苏玉行啃完三条黄花鱼,盯上江清然盘子里的。
“夹去吧。”江清然说道。
苏玉行厚着脸皮加进到碗里两条。
等他吃饱,要去干一件大事。
“你这办法行吗?别再把咱俩抓进去。”黄金多胆怯道。
他这么大,还没有进过牢房,吃过牢饭呢。
“听着你好像挺期待的样子,放心吧我有分寸,再不济还有黄地主在呢,你担心啥?”
正是因为有他爹在,他才担心啊。
他爹那么胖,逃跑都跑不动。
不过让黄金多失望了,黄金宝没跑。
他和上一次一样,看到韩老爷后,两个人颇有默契的一句话不说,上来就动手打架。
两个人你一拳我一脚,薅头发、撕衣领。
黄金多与苏玉行兄弟两个头一次看到黄金宝打架,眼睛瞪的像铜陵一样大。
“黄地主挺生猛啊,韩老爷完全不是他的对手。
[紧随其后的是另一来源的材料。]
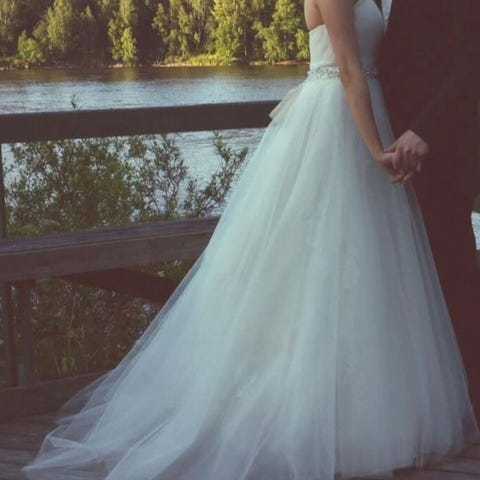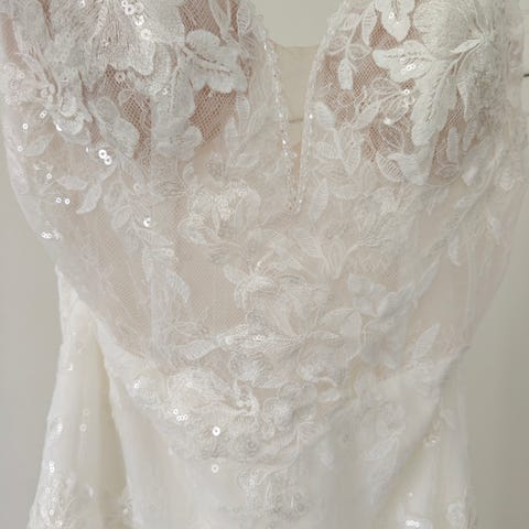 Turun Fianceesta vuonna 2025 ostettu käyttämätön ja muokkaamaton Morilee Renee 2093, koko US 10, väri ivory-rose-nude ja pituus 55''. Osassa kuvista vastaava mallipuku, uusi puku on lyhyempi. Menee noin 170 cm pituiselle morsiamelle. Itse olen 160 cm ja korot n. 5 cm ja pukua olisi pitänyt hieman lyhentää. Kimaltava roosaan taittava aluskangas ja upea laahus.

”苏玉行一直处在下风的韩老爷道。
“谁说不是呢,我也是头一次看到我爹打架。”黄金多默默将他爹打架的套数记在心中。
全程他与苏玉行没有一个人上前拉架,躲在暗处看的津津有味。
黄金宝薅着韩老爷的衣领,侧着头一口咬在了韩老爷脖子处。
他咬伤了韩老爷的脖子,覆盖上一层大牙印儿。
黄金宝满意的看着自己的杰作。
哈哈,回家有你老小子好日子过。
韩老爷忍着痛,摸着脖子上的血丝,咒骂黄金宝。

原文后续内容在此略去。